Деву словно подменили. Из взбалмошной дурочки мгновенно превратилась в суровую богиню.
– Нет, – поглядев на кончик меча, на котором виднелась окалина, – на другой заказ. Я хочу понять.
– Не торопись, – произнесла Гореслава. – Я вижу одно из твоих проклятий, пробудившихся ото сна. Подойди.
Я приблизился, и дева легонько дотронулась пальцами до моих висков. Кожу защипало, а в голове начал нарастать ровный гул, как утробная шаманская песня. «У-у-у-у-м-м-м. У-у-у-ум-м-м-м». Глаза защипало, и на них навернулись слёзы. А ещё в воздухе запахло дымом. И крики, смешанные с треском пылающего дерева, как отзвук пожарища сожжённой мной деревни.
– Проклятие Симаргла, – прошептала дева. – Осторожнее с ним.

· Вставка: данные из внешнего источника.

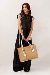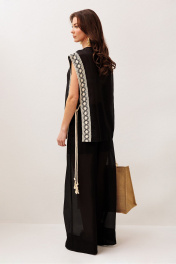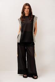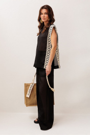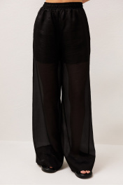 Брюки прямого силуэта на притачном, отстроченном поясе на резинке. С карманами в боковых швах. Верхняя часть брюк на подкладке из основной ткани.
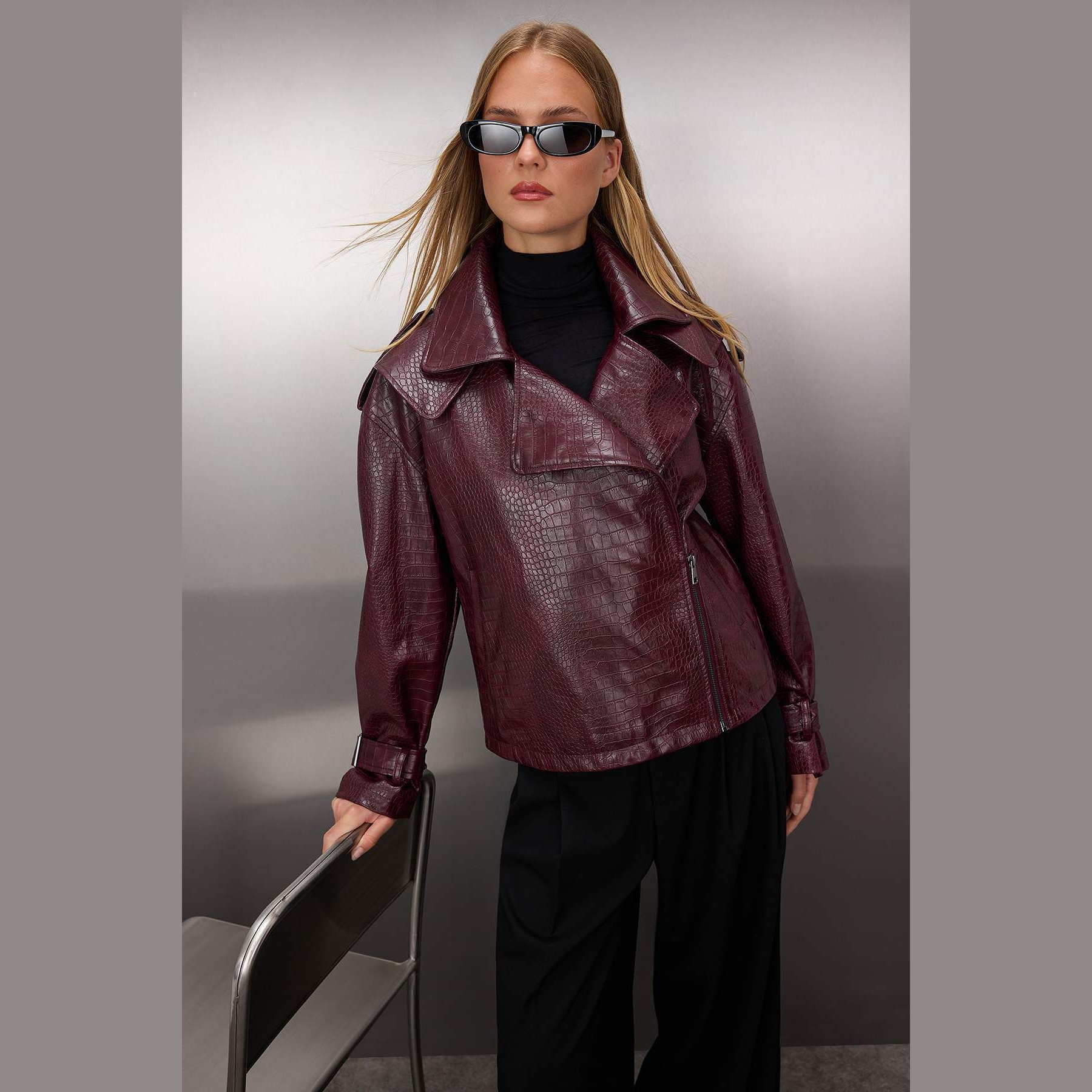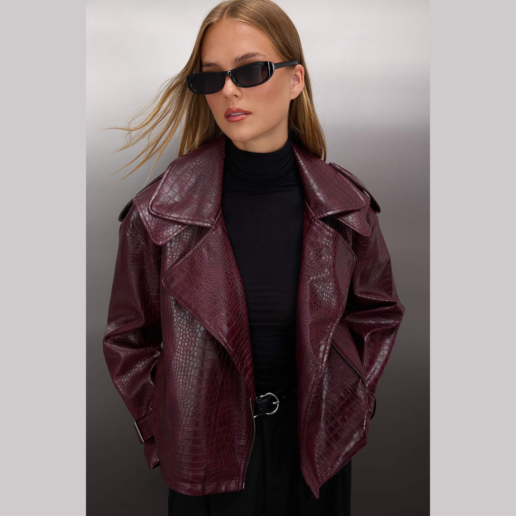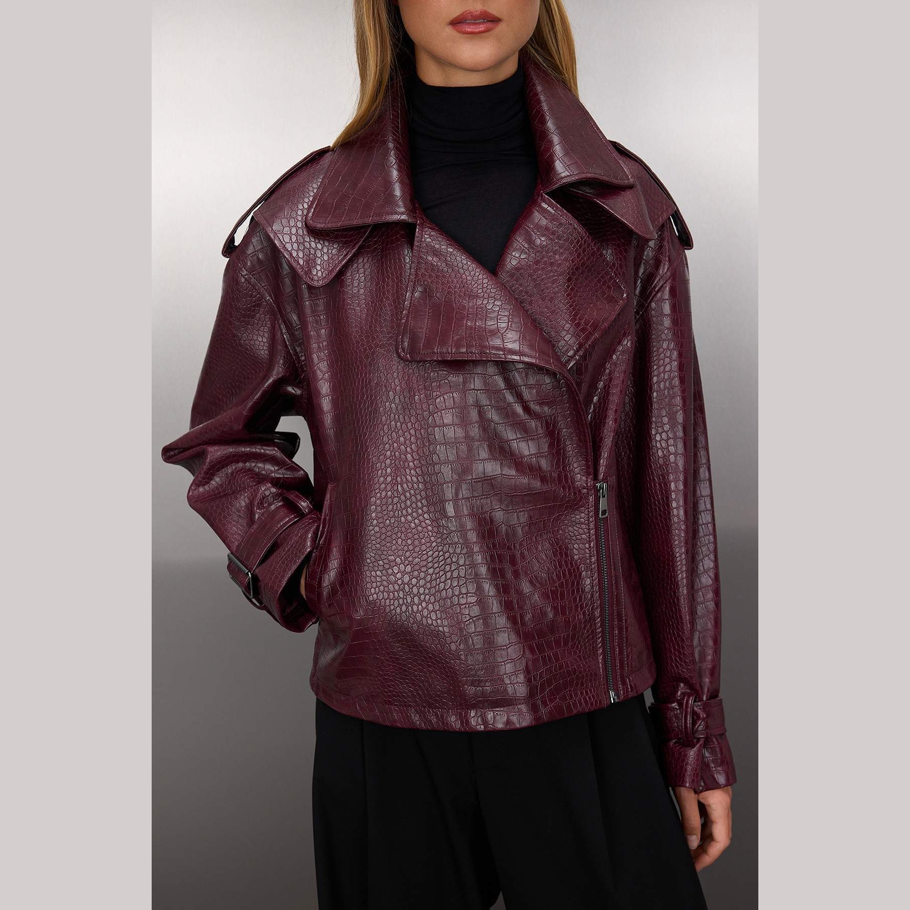 جاكيت نسائي – بوردو بقصة منتظمة من الجلد الصناعي بستايل Biker (تصميم عصري خفيف)

Симаргл. Когда Перун в ярости, он не только лупит своим молниями по деревьям, зверью, домам и людям, как ревнивец в исступлении. Порой спускает с цепи своего крылатого пса, воплощающего в себе лесные пожары, сжигающего всё на своём пути. Целые города осыпаются пеплом. Многие сотни людей погибают во пламени, задыхаются в дыму, замерзают без крова, умирают от голода без сгинувших запасов.
Я помню, как этот неистовый зверь носился по буреломам, оставляя за собой взметающиеся к самому небу языки жаркого пламени, рассыпающиеся золой тысячелетние древа и дикий ужас лесных созданий, бегущих куда глаза глядят в спасении. Тогда нет правых и виноватых. Есть лишь живые и мёртвые.
Симаргл. Я до хруста пальцев стиснул клинок, и пригоревшая к нему плоть пошла смрадным дымом, будто мне одного проклятия Велеса мало.
– Ещё одно задание! – прорычал я, но дева пожала плечами.
– Телефон не работает.
– Чёрт, – выругался и направился к выходу.
Сзади пыхтела Мурка, таща в руках отрезанные головы. Когда вышли на свежий воздух, то оказалось, что и стражники, и извозчик по-прежнему ковырялись под крышками… вспомнил слово, под капотами. При виде страшной ноши девочки-оборотня один из полицейских сперва сморщился, а потом пошёл к зарослям клёна, растущим у забора одноэтажных домов. Краем глаза я заметил, как извозчик замер с ключами в руках.
– Это что за хрень? – вытаращившись, спросил нас второй страж, а когда Мурка подняла один из трофеев повыше, попятился.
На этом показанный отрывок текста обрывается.